Tuesday, May 12, 2009

Store pickled data in a database using SQLAlchemy

I've been using SQLAlchemy (and Elixir) to write the data collection code for GovCheck. My first choice would have been to use Django's ORM itself, but that proved harder and more time consuming that I thought worth it.

One of the problems that I've had to solve is how to store lots of static data in a SQL database without adding more than 100 columns into a DB table. A good solution to this problem is to store this data with a pickled dictionary. The problem with that is the in-built PickleType defined by SQLAlchemy does not also base64 encode the result of the pickle operation on the dictionary (I wanted to do this because the custom field type I'd defined within the Django app was something similar to this, which assumes base64 encoded data coming in).

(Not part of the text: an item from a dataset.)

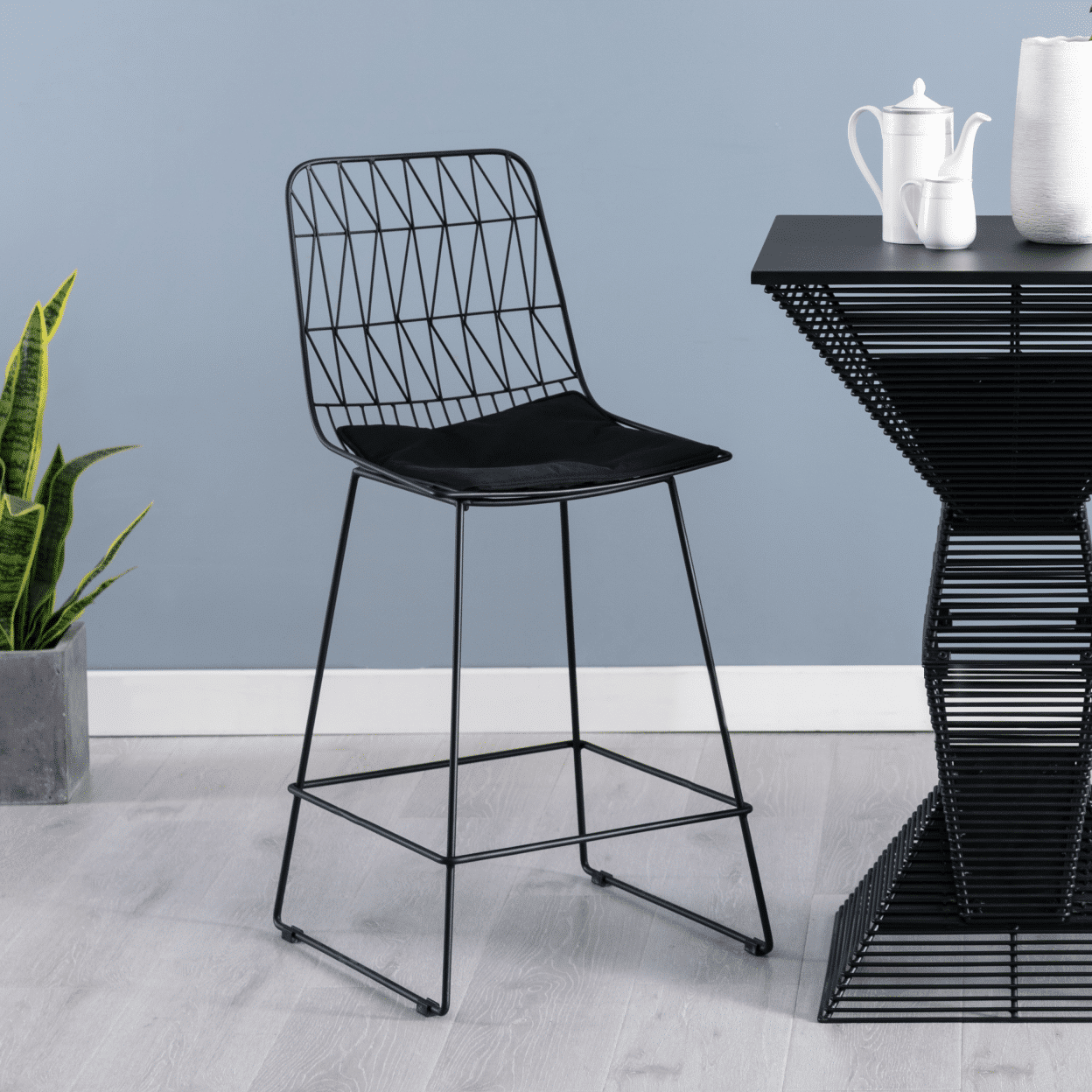 - Shiny silver chrome steel base and footrest

However, fortunately, it's rather easy to create custom Type's for SQLAlchemy and use them in your models. Here is the custom type I created to store the data.

import base64
try:
import cPickle as pickle
except:
import pickle

class EncodedPickleType(types.TypeDecorator):
"""
This class should be used whenever pickled data needs to be stored
(instead of using the in-built PickleType). The reason for this is
that the in-built type does not encode the pickled string using
base64, which is what the Django field type expects.
"""
impl = types.Text

def process_bind_param(self, value, dialect):
dumps = pickle.dumps
if value is None:
return None
return base64.b64encode(dumps(value))

def process_result_value(self, value, dialect):
loads = pickle.loads
if value is None:
return None
if not isinstance(value, basestring):
return value
return loads(base64.b64decode(value))


You can then use this within your model definitions and feed it a dictionary. The field will take care of pickling and encoding it as well as decoding and unpickling the data when accessing the data.

1 comment:

Unknown said...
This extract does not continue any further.